As My Feelings Change
As we get older, it is impossible to avoid suffering losses. Loved ones die and the world becomes a place primarily designed by younger people. Opportunities shrink, and roads not traveled become permanent regrets. We are challenged to bear loss without succumbing to depression, and to recognize our familiar selves in the process. That is, as I come to terms with my own losses, can I still be me? Can I laugh as I have laughed, get angry as I have in the past, and be as curious as ever? Or, if with age my emotional patterns change, can I still accept and adequately admire and love myself?
In much of my own work (2004, 2008, 2012, in press) I have asked the question, how can we bear personal losses without depression, and how can we bear professional losses without burnout? I would say that if I admire my courage in facing my losses, I may love myself enough to bear them. If the joy of passing something on heartens me, I may accept the loss of a future tense for myself. If curiosity still excites me, I may open new doors when fading memory closes others. I differ with Bergmann’s words, but, perhaps, not his spirit, when he says that in old age the future dimension disappears and there is nothing to hope for. I think and hope about the future all the time. In that future my own body, mind, and heart will be altered and, eventually, absent. But in my attachment to that future, in my hopes for it, in my work toward it, I am still me.
Bergmann, M.S. (2014). Psychoanalysis in old age: the patient and the analyst. In
S.Kuchuck (Ed.) Clinical implications of the psychoanalyst’s life experience.
(pp.237-247). New York: Routledge.
Buechler, S. (2004). Clinical values: Emotions that guide psychoanalytic treatment.
Hillsdale, NJ: Analytic Press.
Buechler, S. (2008). Making a difference in patients’ lives: Emotional experience in
the therapeutic setting. New York: Routledge.

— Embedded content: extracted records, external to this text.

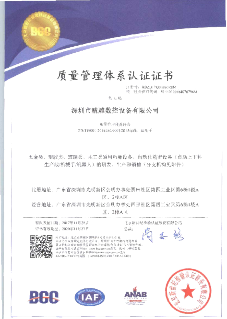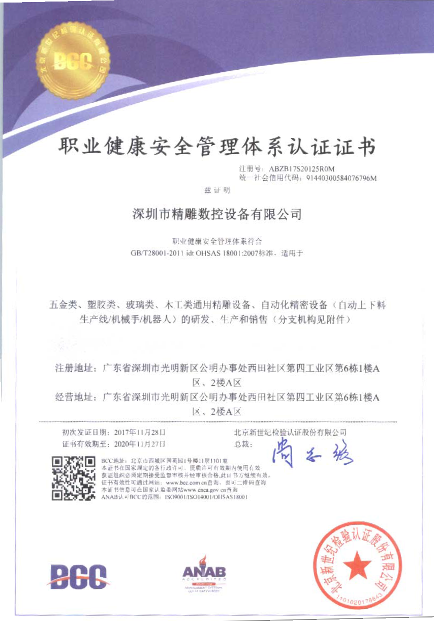 深圳市精雕數控設備有限公司,取得,職業健康安全 管理體系,環境管理體系,質量管理體系三大證書。
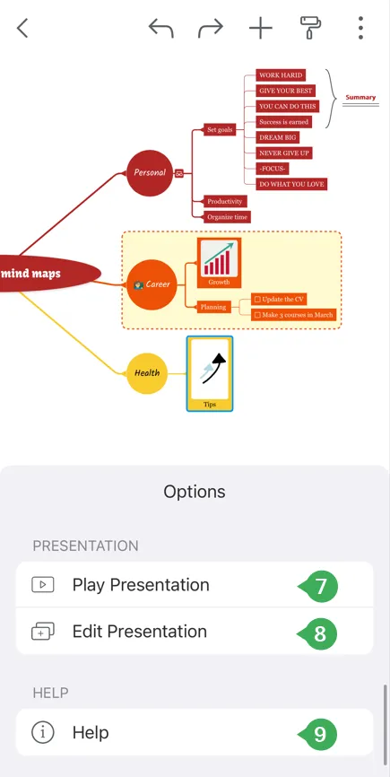 - Notas - añade o elimina notas a los temas de tu mapa mental
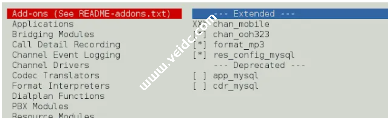 cd asterisk-* contrib/scripts/install_prereq install ./configure --libdir=/usr/lib64 --with-jansson-bundled contrib/scripts/get_mp3_source.sh make menuselect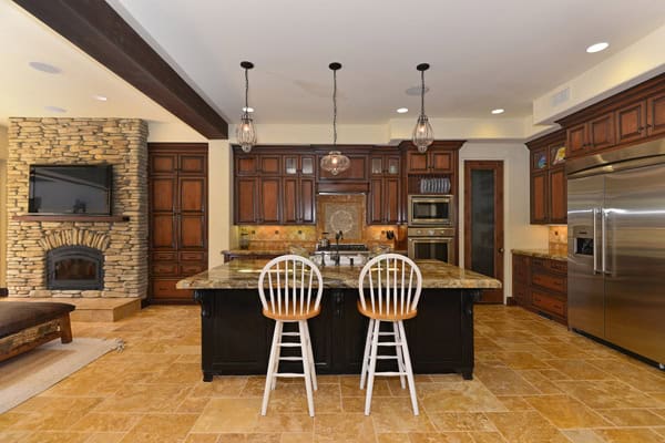 Indoors the spacious floorplan is both effortless and elegant, executed to make the traditional style feel completely fresh and modern. Every surface from the stunning wood and stone flooring, beamed ceiling, stone fireplaces, counter tops, and custom cabinetry was scrupulously chosen for quality and craftsmanship.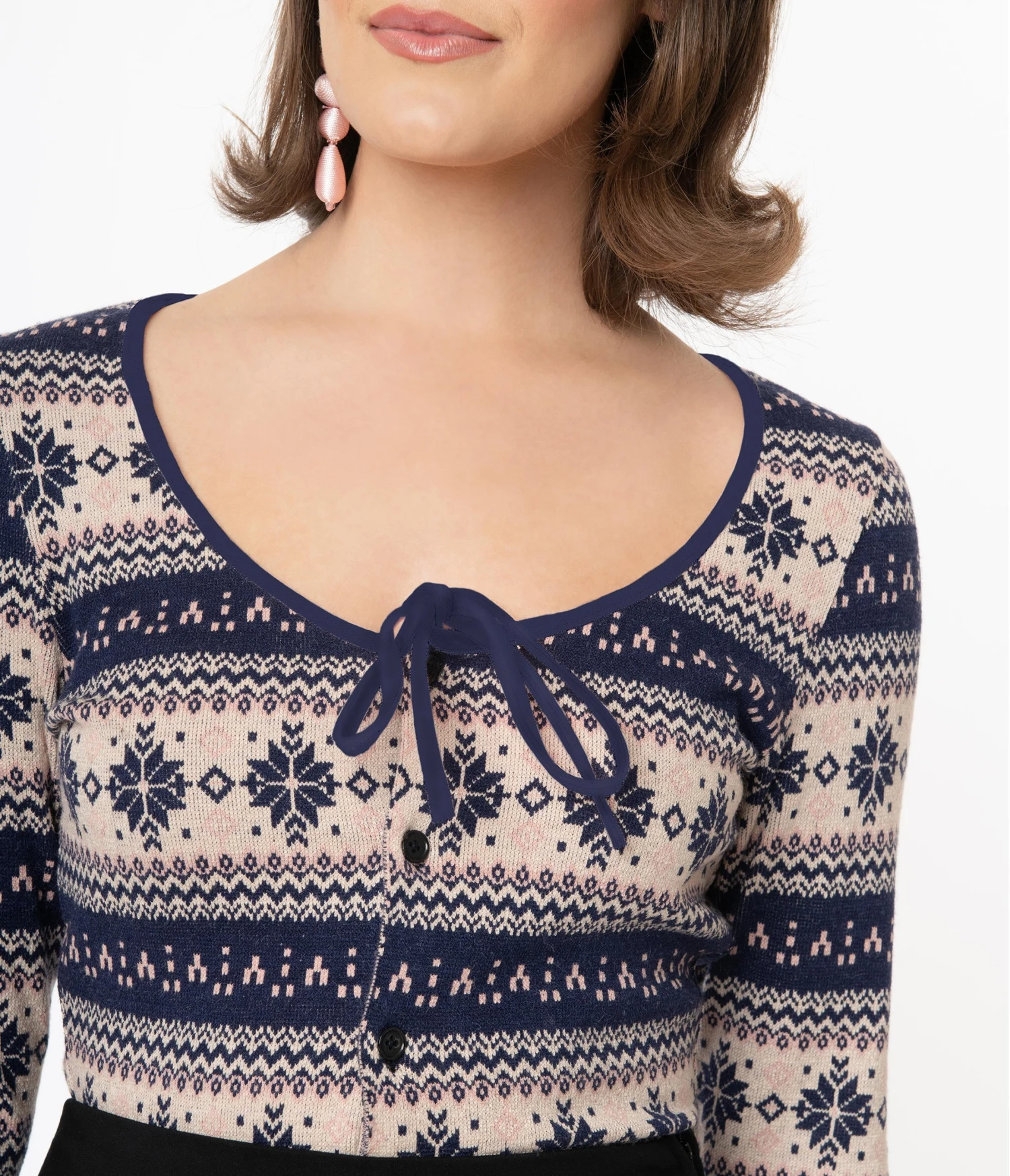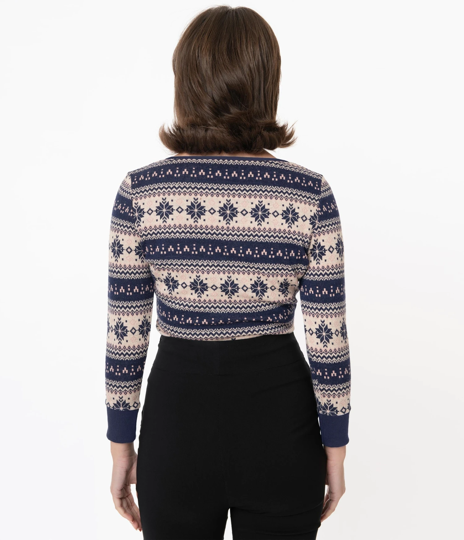 It’s all fine and dandy, darling! This sweet cardigan from Unique Vintage is crafted in a fabulous knit blend and boasts a gorgeous fair isle pattern of snowflakes in a charming navy blue, beige, and pink color. The button up front leads to a classic V-neckline, centered by a sweet light pink self tie bow. The slender long sleeves drop into a ribbed cuff while the stay in place hem makes this a charming coverup!

Buechler, S. (2012). Still practicing: The heartaches and joys of a clinical career. New
Buechler, S. (in press). Understanding and treating patients in clinical psychoanalysis:
Lessons from literature. New York: Routledge.
James, H. (1992). The middle years. In J.C. Oates (Ed.) The Oxford book of American
short stories (pp.171-190). New York: Oxford University Press.
Paley, G. (1966). Distance. In J. Moffett & K.R. McElheny (Eds.) Points of view: An
anthology of short stories (pp.227-236). New York: New American Library.